Jeden z zarzutów odnosi się do wywiadu, jakiego Marta Lempart udzieliła w Radiu ZET. Śledczy uznali, że pochwalała tam ataki na kościoły, niszczenie fasad budynków i przeszkadzanie w odprawianiu mszy. Zdaniem śledczych wręcz do takich czynności nawoływała.
Prokuratura Okręgowa w Warszawie przedstawiła dziś Marcie L. zarzuty popełnienia przestępstwa znieważenia funkcjonariuszy Policji poprzez wykonanie gestu splunięcia oraz kierowanie wobec nich słów wulgarnych, tj. czynu z art. 226 par. 1 Kodeksu karnego, a także sprowadzenia niebezpieczeństwa dla życia i zdrowia wielu osób poprzez spowodowanie zagrożenia epidemiologicznego, tj. czynu z art. 165 par. 1 pkt 1 kk.
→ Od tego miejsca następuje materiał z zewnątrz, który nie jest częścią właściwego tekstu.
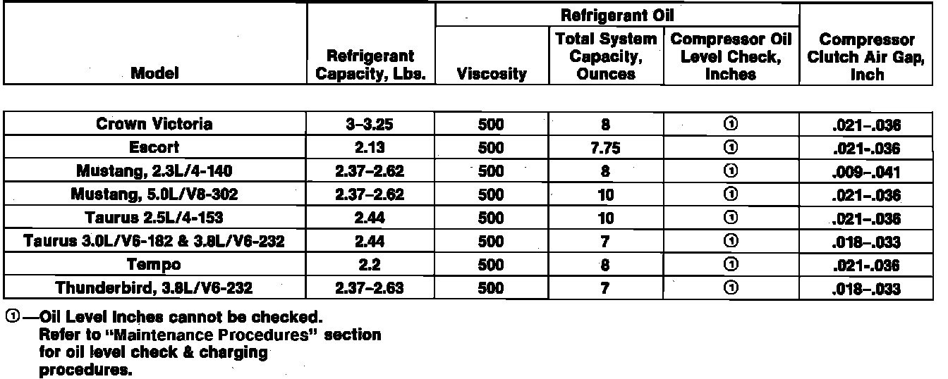A/C Data Table: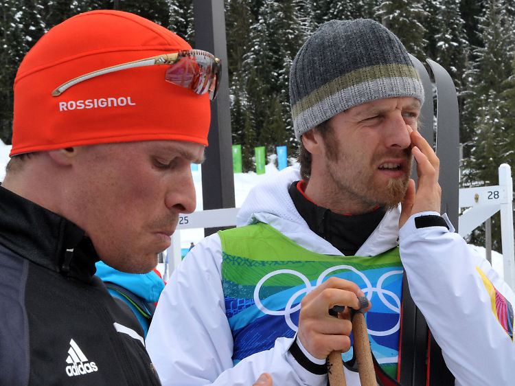 So sehen Besiegte aus: Tobias Angerer und Axel Teichmann steht der Frust über Platz sechs mit der Staffel ins Gesicht geschrieben.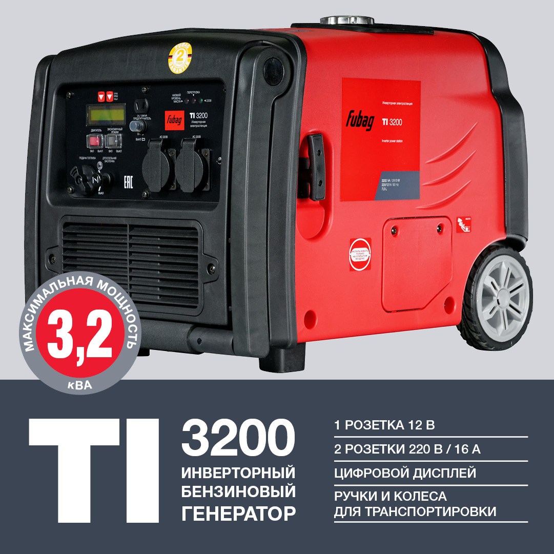 Цифровая электростанция FUBAG TI 3200 - это инверторный генератор, к которому можно подключить приборы общей мощностью 3,2 кВт. Вид топлива - бензин АИ-92.

- przekazała PAP prokurator Skrzyniarz. Wśród dowodów w sprawie są między innymi nagrania z przebiegu manifestacji oraz zeznania pokrzywdzonych funkcjonariuszy policji.
Marta Lempart nie przyznała się do stawianych jej zarzutów i odmówiła składania wyjaśnień. Grozi jej do 8 lat pozbawienia wolności.